ASSIGNMENT » Please write out the whole listing that follows exactly; the pictures stay out.

DATASET EXCERPT »
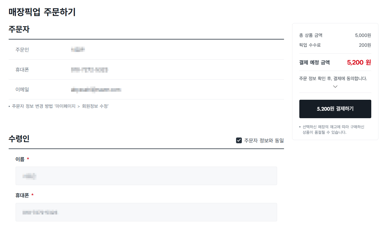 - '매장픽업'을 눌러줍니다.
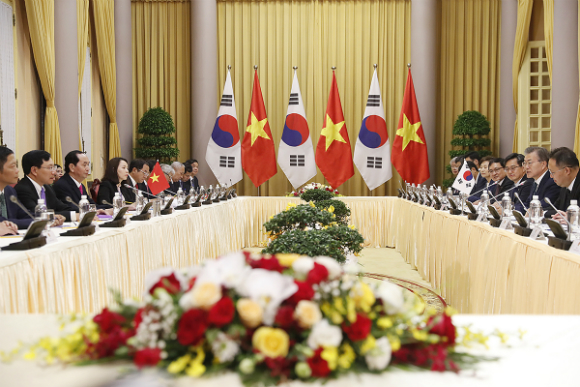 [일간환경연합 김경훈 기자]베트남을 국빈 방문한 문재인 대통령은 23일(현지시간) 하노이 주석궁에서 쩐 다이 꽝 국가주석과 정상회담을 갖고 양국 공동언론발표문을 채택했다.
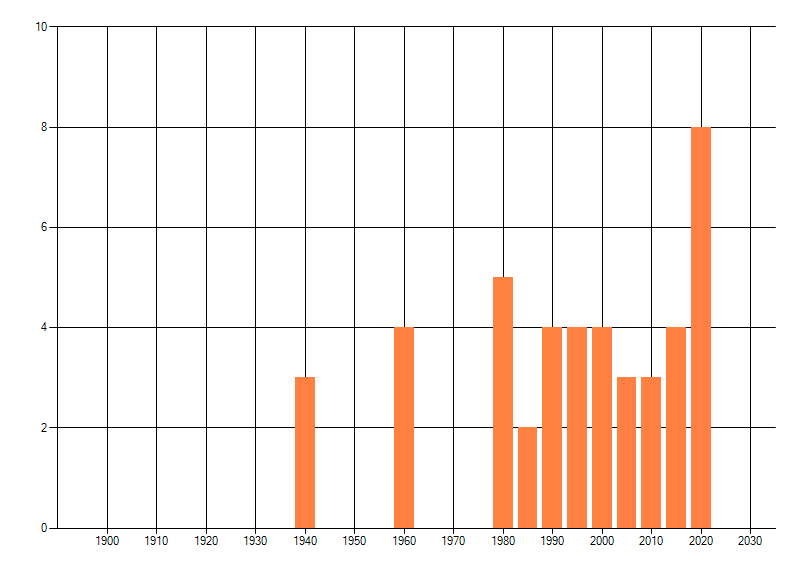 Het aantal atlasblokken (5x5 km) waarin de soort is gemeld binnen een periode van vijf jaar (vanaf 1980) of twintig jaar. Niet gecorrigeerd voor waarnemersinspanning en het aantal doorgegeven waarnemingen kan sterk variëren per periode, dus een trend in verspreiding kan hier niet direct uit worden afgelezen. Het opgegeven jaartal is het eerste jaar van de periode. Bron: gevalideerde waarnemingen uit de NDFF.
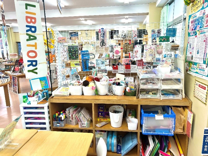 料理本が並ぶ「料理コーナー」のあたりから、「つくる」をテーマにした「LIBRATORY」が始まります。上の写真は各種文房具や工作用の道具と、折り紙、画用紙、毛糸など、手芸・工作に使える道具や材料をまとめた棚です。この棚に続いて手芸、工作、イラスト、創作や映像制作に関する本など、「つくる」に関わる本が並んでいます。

WRITTEN ANSWER »
 - '매장픽업'을 눌러줍니다.
 [일간환경연합 김경훈 기자]베트남을 국빈 방문한 문재인 대통령은 23일(현지시간) 하노이 주석궁에서 쩐 다이 꽝 국가주석과 정상회담을 갖고 양국 공동언론발표문을 채택했다.
 Het aantal atlasblokken (5x5 km) waarin de soort is gemeld binnen een periode van vijf jaar (vanaf 1980) of twintig jaar. Niet gecorrigeerd voor waarnemersinspanning en het aantal doorgegeven waarnemingen kan sterk variëren per periode, dus een trend in verspreiding kan hier niet direct uit worden afgelezen. Het opgegeven jaartal is het eerste jaar van de periode. Bron: gevalideerde waarnemingen uit de NDFF.
 料理本が並ぶ「料理コーナー」のあたりから、「つくる」をテーマにした「LIBRATORY」が始まります。上の写真は各種文房具や工作用の道具と、折り紙、画用紙、毛糸など、手芸・工作に使える道具や材料をまとめた棚です。この棚に続いて手芸、工作、イラスト、創作や映像制作に関する本など、「つくる」に関わる本が並んでいます。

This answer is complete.